Emotionally focused therapy (EFT) teaches skills to accept and resolve negative emotions so people can accept themselves and make choices that support health, well-being and joy.

If you struggle with a mental health condition that affects emotion regulation, you could benefit from the emotion-focused therapy program at Transformations Mending Fences in Morriston, FL.

 

Young adult man suffering from impulse disorder and in need of EFT.

 

Emotion-Focused Therapy: Understanding Emotional Awareness

The EFT model uses a structured approach to helping clients develop emotional intelligence and manage emotional responses. It views our emotional experiences as central to our lives.

Initially designed for couples therapy, emotionally focused family therapy has evolved into an approach that uses individual therapy to treat mood disorders and other mental health concerns.

Emotion-focused therapy increases effectiveness when you have a strong, trusting relationship with a practitioner who has experience in this therapy focus. This person will guide you through the three-phase, nine-step EFT process.

Some of the treatment goals of individual emotion-focused therapy include:

  • Building positive internal frameworks of others and yourself that support lasting change in problematic emotional responses and patterns
  • Encouraging vulnerability, which can help you transform and regulate unhelpful emotions
  • Learning how to completely engage with, respond to and be open toward others, all hallmarks of secure attachment with loved ones
  • Seeing yourself as able to handle difficult emotions and maintain strong self-esteem and self-worth

People who undergo EFT individually or as a couple report improved understanding within relationships, emotional intelligence and functioning, and stronger attachments to their loved ones.

Emotionally Focused Therapy: Phases, Stages and Steps

Stage 1:

Awareness and De-Escalation of Distress, your therapist will begin the active process of emotion coaching with these four steps:

  • Assessing the issues you have surrounding adaptive emotions and unhelpful emotions, including difficulties with human functioning, impulse control, emotional regulation, family relationships, intimate relationships and associated areas
  • Finding patterns in the ways you cope with certain emotions and emotional experiences, including how these patterns affect both your internal experience and your ability to relate to family members and others around you
  • Developing a profound grasp of your unacknowledged emotional experiences and how they affect your relationships with others and your internal conflicts within
  • Reframing the need for new behaviors and coping strategies to regulate emotions in terms of your emotional experience, attachment needs, relationship with your own emotions and cycles of unhelpful emotions

Stage 2:

Here is when a person-centered approach is taken by helping you Reconnect and Restructure.
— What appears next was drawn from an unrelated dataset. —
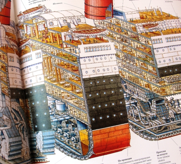 А в этой книге можно детально рассмотреть каждый закуток рыбного траулера, станции лондонского метро или линии по сбору автомобилей на автозаводе. Присмотритесь: танк или корабль не просто разрезан на половинки, а нашинкован вдоль и поперек, чтобы можно было рассмотреть действительно каждый закуток.
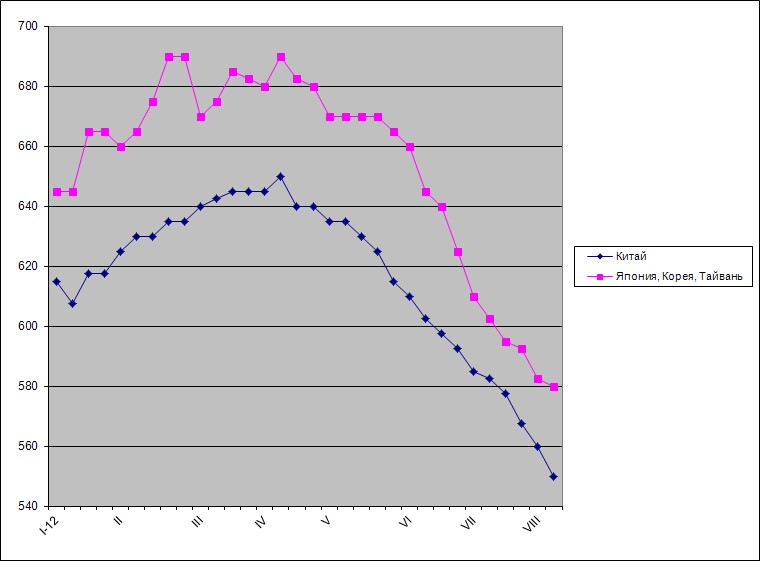 Корейские компании за первые шесть месяцев текущего года экспортировали толстолистовой стали на 76% больше, чем за тот же период годичной давности. При поставках в Японию рост превысил 60%. При этом, результат был бы еще выше, если бы компания Dongkuk Steel Mill не остановила бы в начале второго квартала толстолистовой стан производительностью 1,3 млн. т в год. С японскими и корейскими компаниями ожесточенно конкурируют китайцы. В начале августа они сбавили цены на толстый лист до около $530-540 за т FOB, что также является минимальным показателем более чем за два с половиной года.

Steps in this stage include:

  • Learning more about attachment needs, the internal model you have of yourself and others, and detachment from primary emotional experience
  • Accepting your emotional needs and asserting these needs as valid
  • Expressing emotion-focused needs so you can create positive connections and interaction patterns with others and yourself

Finally, you’ll enter Stage 3 of emotion-focused therapy: Change Consolidation. This change process consists of two steps:

  • Learning change strategies to improve the outcome when you face problematic emotional issues and practicing these new emotion-focused tools in a real-world setting
  • Designing new, healthy models of interacting and resolving conflict with yourself and others, along with the development of positive narratives in these areas

 

After undergoing EFT, this adult man is now experiencing improved mental health and a sense of happiness.

 

Are EFT and CBT the Same?

Emotion-focused therapy is not the same as cognitive behavioral therapy (CBT). However, both types of treatment focus on how your feelings, perceptions and thoughts shape your behavior and actions.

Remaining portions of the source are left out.